Task description
For this exercise, output the entries below exactly from the line that holds "85 cm Spiegel" to the line that holds "Alpha Plus ph-neutrala", both ends included. No pictures belong in the copy.

Recorded data
^^^^^^^^^^^^^^^^
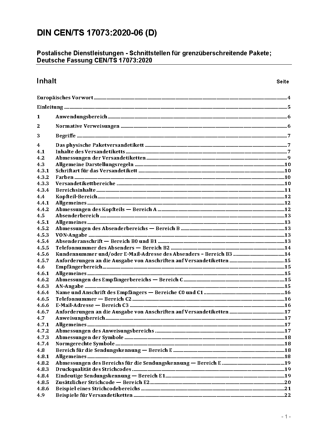 Postalische Dienstleistungen - Schnittstellen für grenzüberschreitende Pakete; Deutsche Fassung CEN/TS 17073:2020 + AC:2020
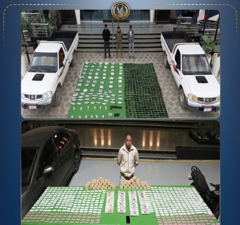 وأفادت معلومات وتحريات قطاعي الأمن العام ومكافحة المخدرات والأسلحة والذخائر غير المرخصة بتورط بؤر إجرامية تضم عناصر شديدة الخطورة في عدة محافظات في جلب كميات كبيرة من المخدرات والأسلحة تمهيداً لترويجها.
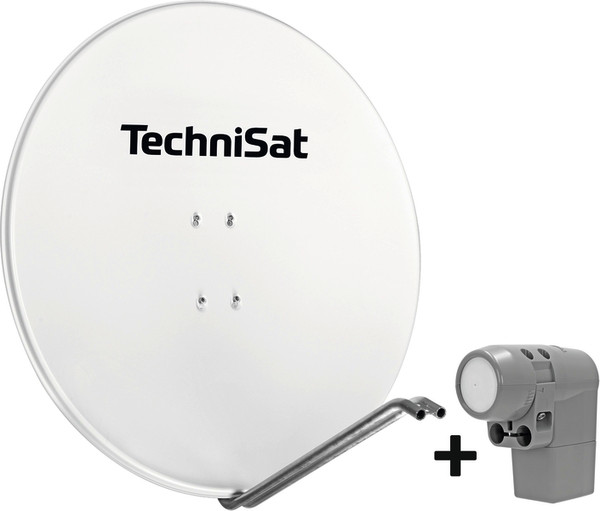 85 cm Spiegel aus erstklassigem Aluminium (beidseitig pulverbeschichtet), 1 bis 4 Teilnehmer, 1 Orbitposition (z. B. Astra 19,2° Ost), optimal für Wand- und Dachmontage, LNB mit Wetterschutzgehäuse
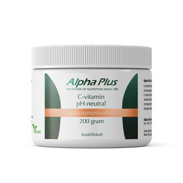 Alpha Plus ph-neutrala C-vitamin (askorbinsyra) bidrar till immunsystemets normala funktion samt till att skydda cellerna mot oxidativ stress. C-vitamin bidrar även till normal kollagenbildning och till att minska trötthet och utmattning samt till nervsystemets normala funktion.Kalciumaskorbat är ett kalciumsalt av askorbinsyra. Salter av askorbinsyra kallas askorbater. Kalciumaskorbat är pH-neutralt vilket bland annat gör att du kan inta större doser utan att påverka mage och tarm. En annan fördel är att askorbinsyrans salter lättare kan lösa sig med andra ämnen och livsmedel.
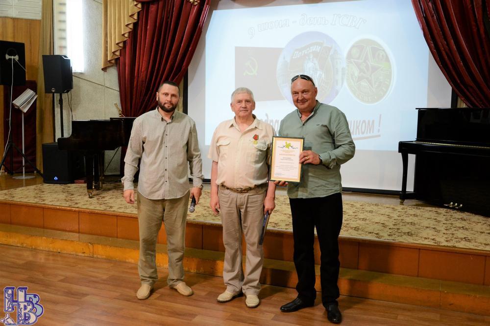 Присоединился к поздравлениям Иван Николаевич Ефремов – творческий человек, ветеран ГСВГ. Под дружную поддержку зала он прочитал несколько стихов собственного сочинения. Затем слово предоставили главе администрации города Советска Валерию Анатольевичу Недопёкину. Он рассказал о том, что в ГСВГ брали только лучших. Люди, сидящие в зале, с честью отдали свой долг Родине, а впоследствии занимали достойные места в обществе. Благодарственным письмом были награждены Владимир Александрович Злобин, Сергей Александрович Малков, Владимир Геннадьевич Храмых, Николай Михайлович Коснырев, Александр Иванович Мансуров, Василий Степанович Смоленцев, Николай Анатольевич Плишкин, Юрий Игоревич Полушин за активное участие в работе общественных организаций и в связи с 80-летием образования ГСВГ. Ветераны принимали поздравления от председателя районной Думы Аркадия Михайловича Зубкова. Он вручил благодарственные письма от лица Законодательного собрания за активную жизненную позицию, патриотизм и поддержку военнослужащих, принимающих участие в СВО, Александру Ивановичу Патрушеву, Владимиру Ивановичу Порубову, Сергею Николаевичу Полушину, Андрею Николаевичу Пирогову. Тем, кто не дожил до сегодняшнего дня, чьи имена вписаны золотой нитью в историю России, была посвящена песня «Бессмертный полк» в исполнении Карины Богомоловой. Ветераны ГСВГ были награждены памятными юбилейными медалями за вклад в защиту интересов страны в условиях непростой геополитической обстановки. По поручению генерала Валерия Александровича Меньшикова Станислав Арсентьевич был награждён юбилейной медалью «70 лет космодрому Байконур».
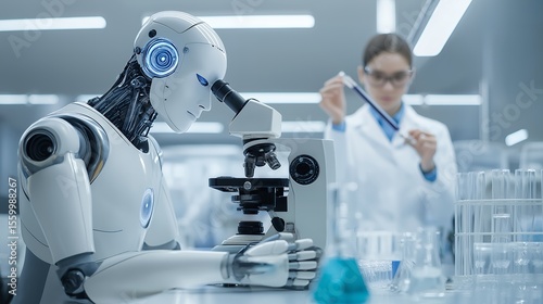robot, scientist, laboratory, microscope, physics, partner, interaction, scientific, investigation, opportunity, progress, efficiency, collaboration, intelligence, laboratory, testing, improvement, solution, tech, cognition, study, teamwork, discovery, innovation, workplace, support, learning, assistance, problem, challenge, automation, chemistry, team, future, result, science, biology, expert, engineering, development, health care, precision, information, tool, machine, goggles, datum, experiment, growth
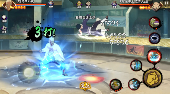 四代雷影的平A是咱们在决斗场里最常用的起手方式之一,尤其是第五下的抱摔抓取,能破霸体还能打反手。他的平A分为六段,前四段是常规的体术连击,第五下会抱住对手转圈甩出去,第六段跳起来补一刀。要注意的是第五下抱摔后对手会浮空,这时候可以接技能或者继续平A连招,但别贪第六段,因为后摇比较大容易被反打。
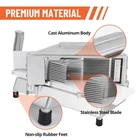 Razor-Sharp Blades The pre-tensioned cartridge blade set is made of food-grade stainless steel, which is sharp and durable. It can cut tomatoes into 3/16-inch thick slices within one minute. Ergonomic Handle The vertical push handle is ergonomically designed to easily cut large quantities of tomatoes. Another handle on the top makes it easy to lift and carry. Stable Rubber Feet With four rubber feet, you can ensure that the tomato slicer is firmly fixed in place during use. The rubber material can prevent slipping and scratching on the work surface. About this item Commercial Tomato Slicer: 3/16" Tomato Cutter Vegetable Slicer, Stainless Steel Tomato Cutter With Built-In Cutting Board for Restaurant or Home Use Sharp Stainless Steel Blades: The tomato cutter slicer adopts specially-designed food-grade stainless steel cartridge blade set, enabling 2 dozen tomatoes to be cut into uniform 3/16-inch thick slices, in one minute. Vertical & Horizontal Handles: One ergonomic vertical handle and one horizontal handle are equipped, which can help you to apply force to the commercial slicer for effortless slicing. Safety & Stability: The protective guards keep your hands safe during operation. Four rubber feet effectively prevent slipping of tomato slicer commercial, to ensure maximum stability. Multi-Functional Slicer for Vegetables & Fruits: This multi-functional tomato slicer is ideal for slicing tomatoes, onions, garlic, cucumbers, strawberries, mushrooms, and other vegetables and fruits. Specifications: Item Dimensions: 15.4 x 7.1 x 7.9 inches Item Weight: 7.87 Pounds Installation Type: Free Standing Color: Silver Power Source: Manual Blade Material: Stainless Steel Material: Cast Aluminum Package Content: 1 x Commercial Tomato Slicer Notes: Please be aware that PO Box cannot receive items,please DO NOT fill in the PO Box address.
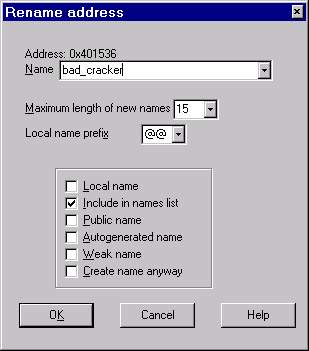 gehen und "n" drücken oder den ![]() Wir geben einen sinnvollen Namen wie z. B. "bad_cracker" ein und drücken auf "OK" Sofort sehen wir, daß alle Referenzen auf "loc_401536" in unseren neuen Namen geändert wurden: ![]() Zur Übung sollte das Gleiche mit entsprechend anderem Namen (z. B. "good_cracker") mit der Referenz "loc_40154D" gemacht werden.
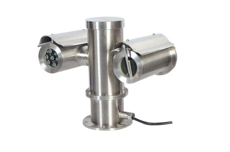 匀速防爆一体化摄像机,双边双筒,优质304不锈钢制造,用于强酸强碱等腐蚀性环境,防爆防腐防尘防水,防护等级IP68;内置400万网络变焦机芯,20倍光学变焦,焦距为4.7 mm~94mm,红外距离80-100米,云台水平旋转0-360°,垂直旋转±90°,水平旋转速度0.1°~10°/S,垂直旋转速度0.1°~,10°/S,带雨刷带遮阳罩;AC220V供电,支持海康大华等各类NVR,支持ONVIF协议,1080P
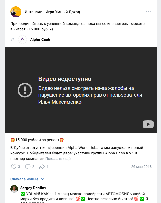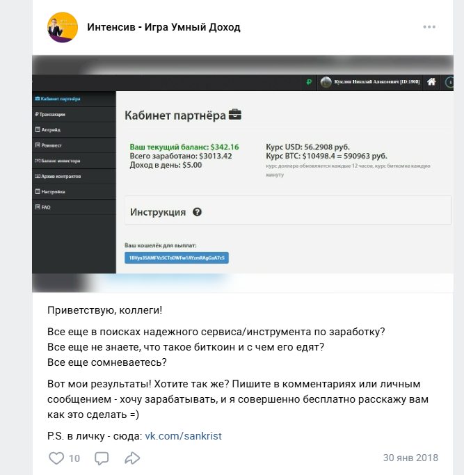 Более того Николай делится ссылкой сайт, партнером которого якобы является. Он оставляет информацию о высоком заработке и приглашает пользователей присоединиться к нему. На апрель 2026 года рекламируемый сайт «Интенсив – Игра Умный Доход» заблокирован и удален, в группе в ВК больше не выкладываются записи на стене.Скорее всего основатели забыли о данном проекте, либо получили то, что хотели от него и забросили.
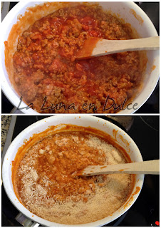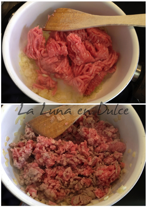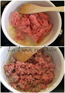 3.Agregar la carne picada, y desmenuzar mientras se va haciendo.
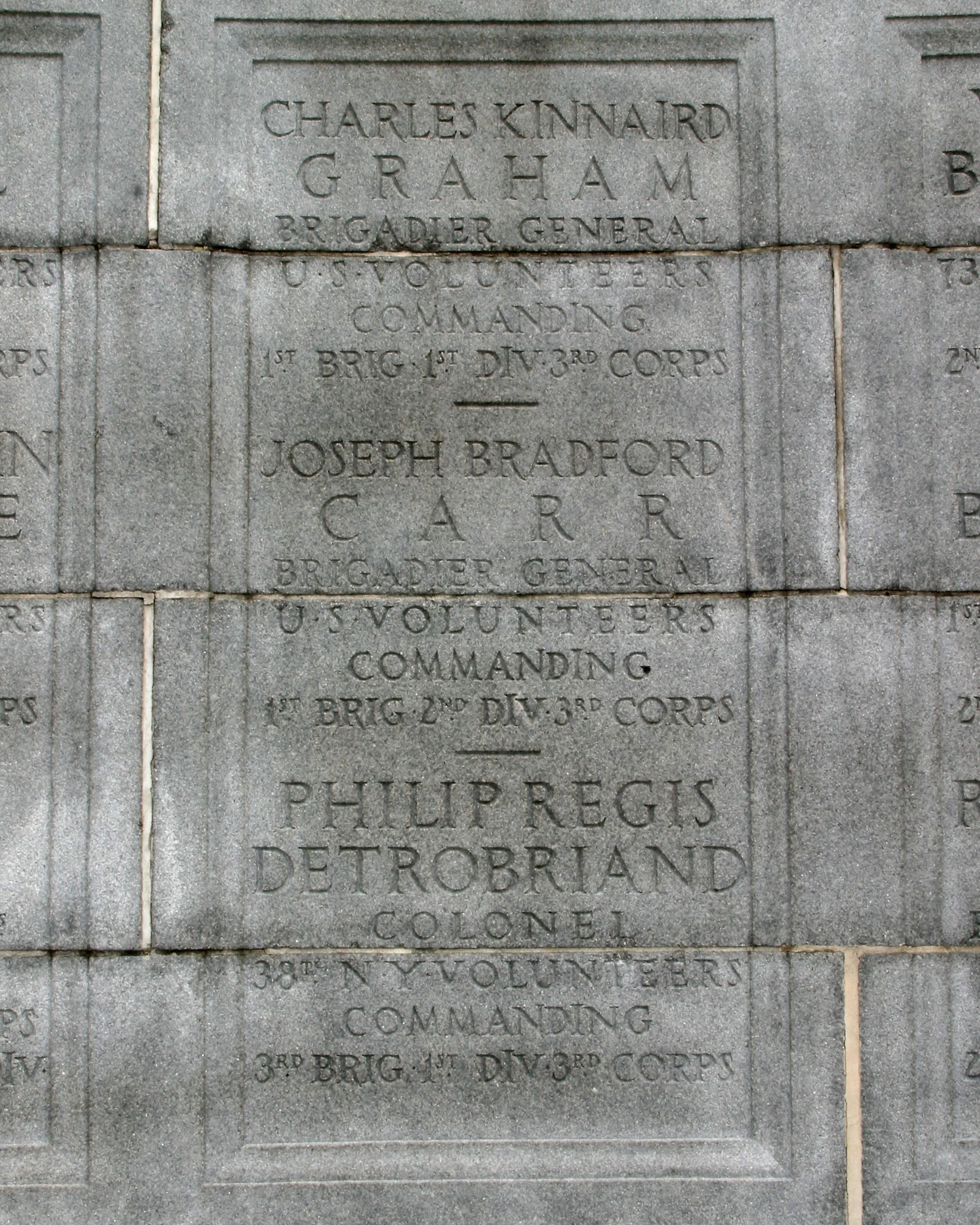 1 of 2 New York State Monuments. Erected to commerate NY commanders not listed elsewhere that fought at Gettysburg. Located E side South Hancock Avenue. || Mn, semi-circular 42'L x 24'D x 21' H. Central projecting node of base, shaft incised inscriptions, excised coat-of-arms, topped by spread wing eagle. Incised commander names in circular wall portions. Granite walk to Mn 8'x 14'w/2risers 8."
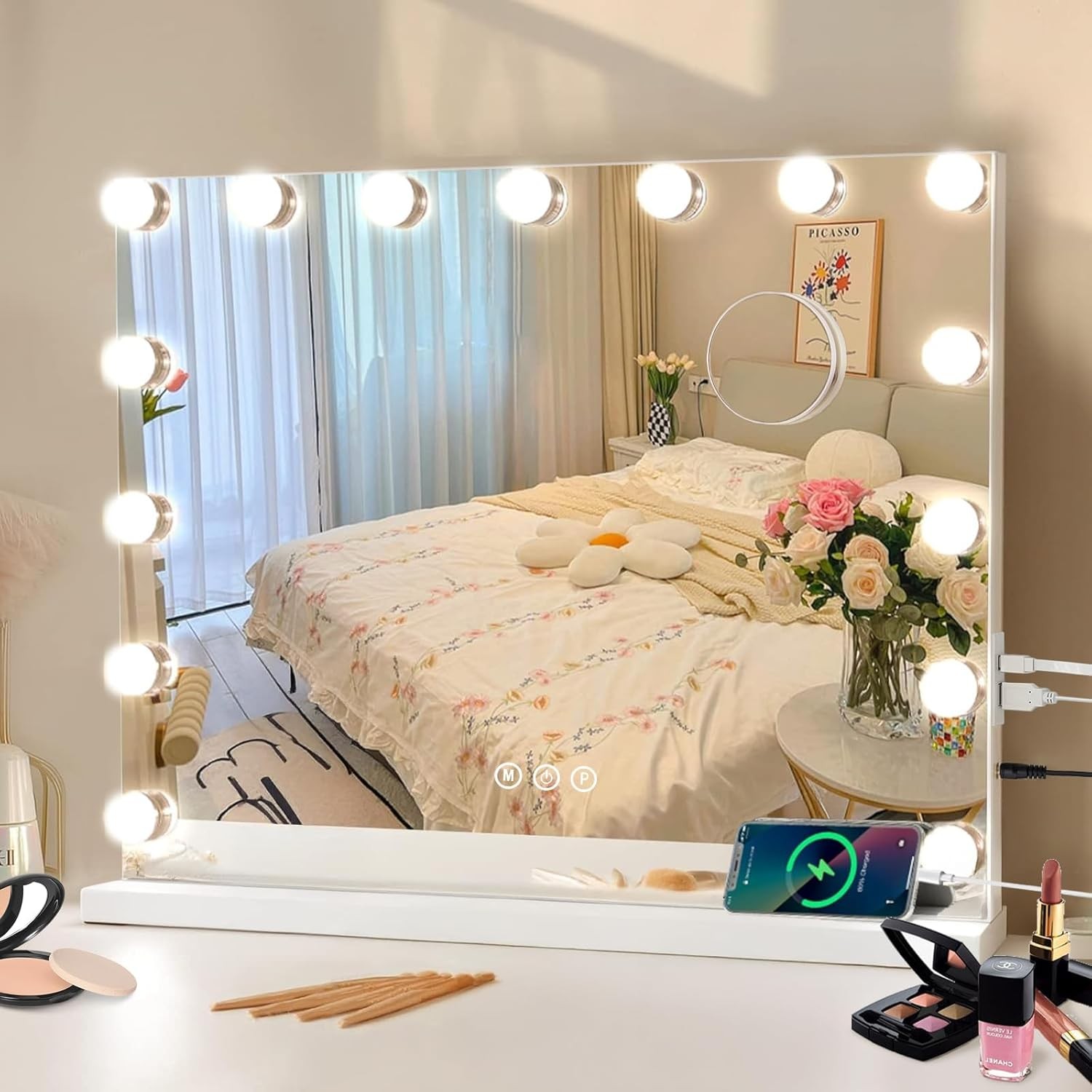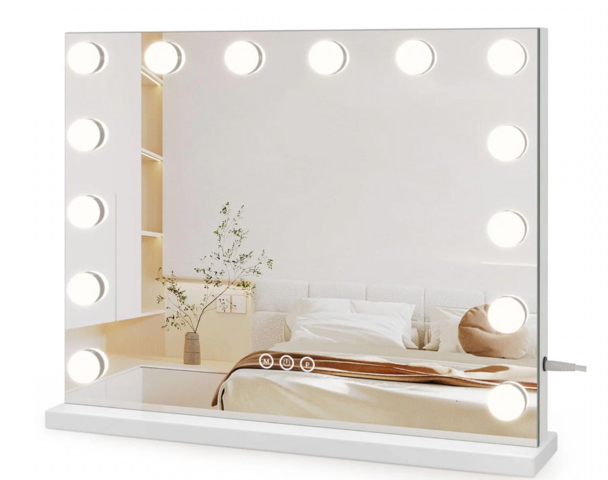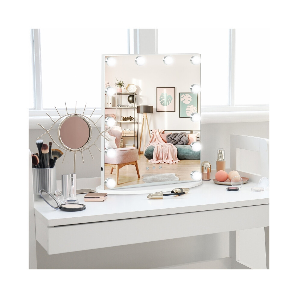 Lighted Vanity Mirror with Hollywood Style Lights 12 Dimmable LEDs & USB Plug Makeup Dressing Table Mirror White
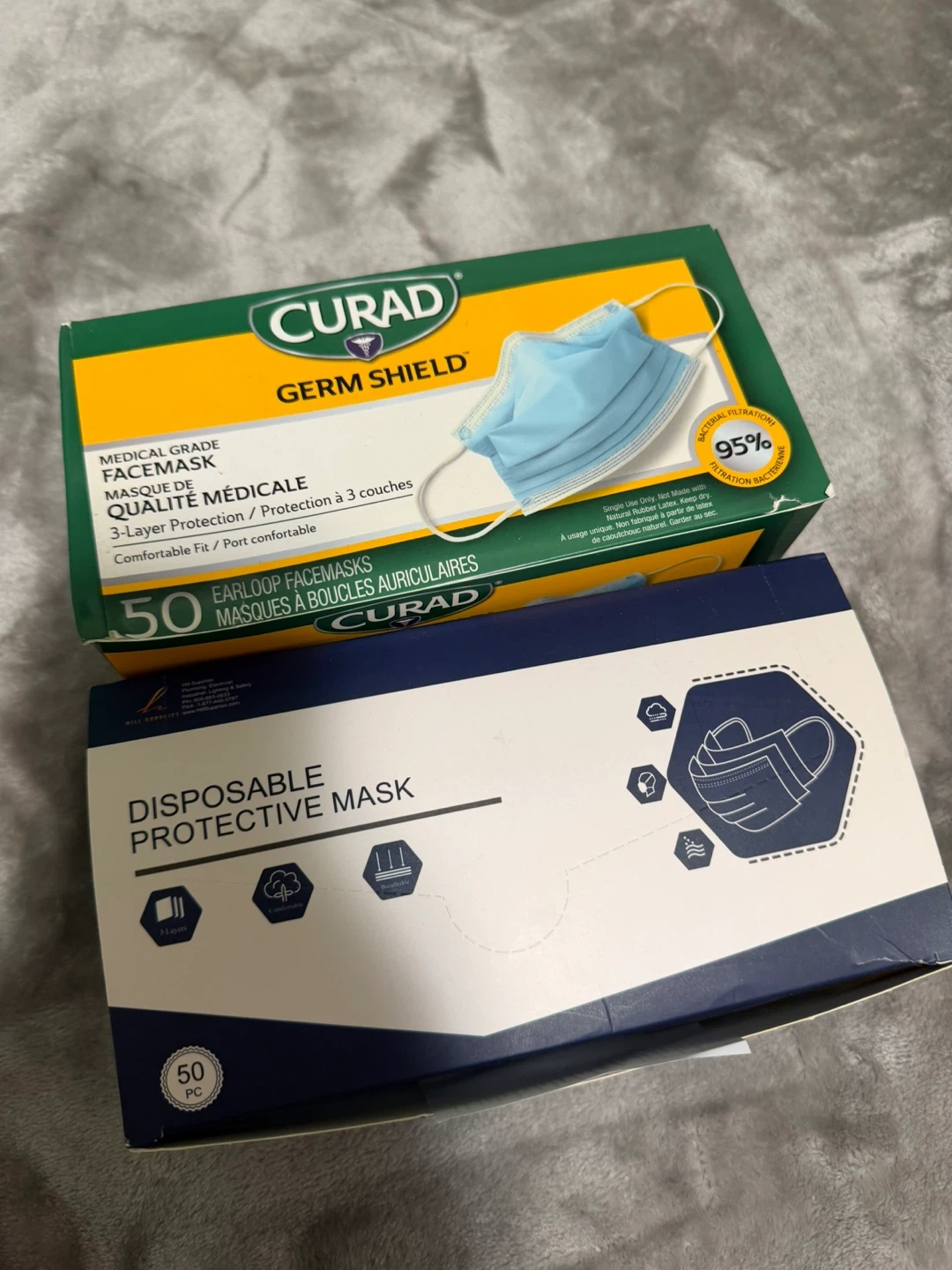 Medical grade earloop facemasks. These are 3-layer protection masks with 95% bacterial filtration. Disposable protective masks for everyday use.
^^^^^^^^^^^^^^^^
The answer
 85 cm Spiegel aus erstklassigem Aluminium (beidseitig pulverbeschichtet), 1 bis 4 Teilnehmer, 1 Orbitposition (z. B. Astra 19,2° Ost), optimal für Wand- und Dachmontage, LNB mit Wetterschutzgehäuse
 Alpha Plus ph-neutrala C-vitamin (askorbinsyra) bidrar till immunsystemets normala funktion samt till att skydda cellerna mot oxidativ stress. C-vitamin bidrar även till normal kollagenbildning och till att minska trötthet och utmattning samt till nervsystemets normala funktion.Kalciumaskorbat är ett kalciumsalt av askorbinsyra. Salter av askorbinsyra kallas askorbater. Kalciumaskorbat är pH-neutralt vilket bland annat gör att du kan inta större doser utan att påverka mage och tarm. En annan fördel är att askorbinsyrans salter lättare kan lösa sig med andra ämnen och livsmedel.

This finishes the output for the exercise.